··· Data below ···

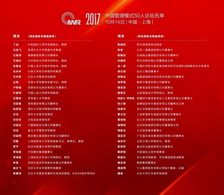 2017年10月14日,由北大国发院教授陈春花等25位管理学者、金蝶集团创始人徐少春等25位企业家共同发起的“中国管理模式50人论坛”在上海举行,论坛由中国管理模式杰出奖升级而来,探讨在文化自信背景之下独特的中国管理价值。我校437必赢会员中心院长兼MBA教育中心主任王瑞华教授以25位管理学者之一的身份,入选“中国管理模式50人论坛” (简称C50论坛),并参加了论坛的讨论和交流。
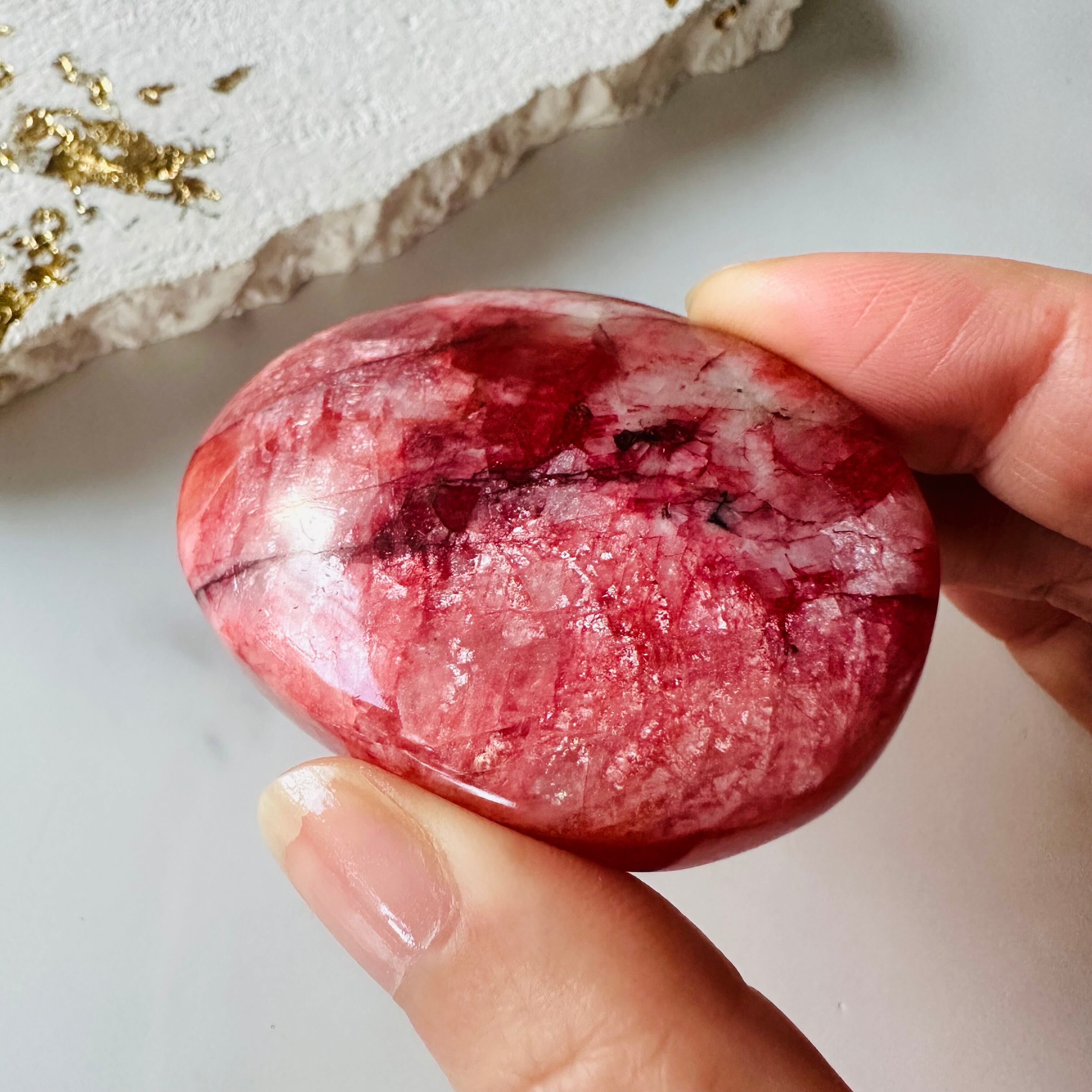 上品なシラーが美しい幻想的なレッドムーンストーンのパームです。
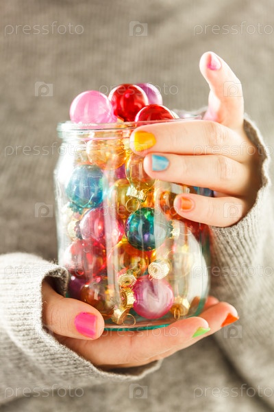 Рождественские шары в руках

···

Copy each line above exactly, with no images.

 2017年10月14日,由北大国发院教授陈春花等25位管理学者、金蝶集团创始人徐少春等25位企业家共同发起的“中国管理模式50人论坛”在上海举行,论坛由中国管理模式杰出奖升级而来,探讨在文化自信背景之下独特的中国管理价值。我校437必赢会员中心院长兼MBA教育中心主任王瑞华教授以25位管理学者之一的身份,入选“中国管理模式50人论坛” (简称C50论坛),并参加了论坛的讨论和交流。
 上品なシラーが美しい幻想的なレッドムーンストーンのパームです。
 Рождественские шары в руках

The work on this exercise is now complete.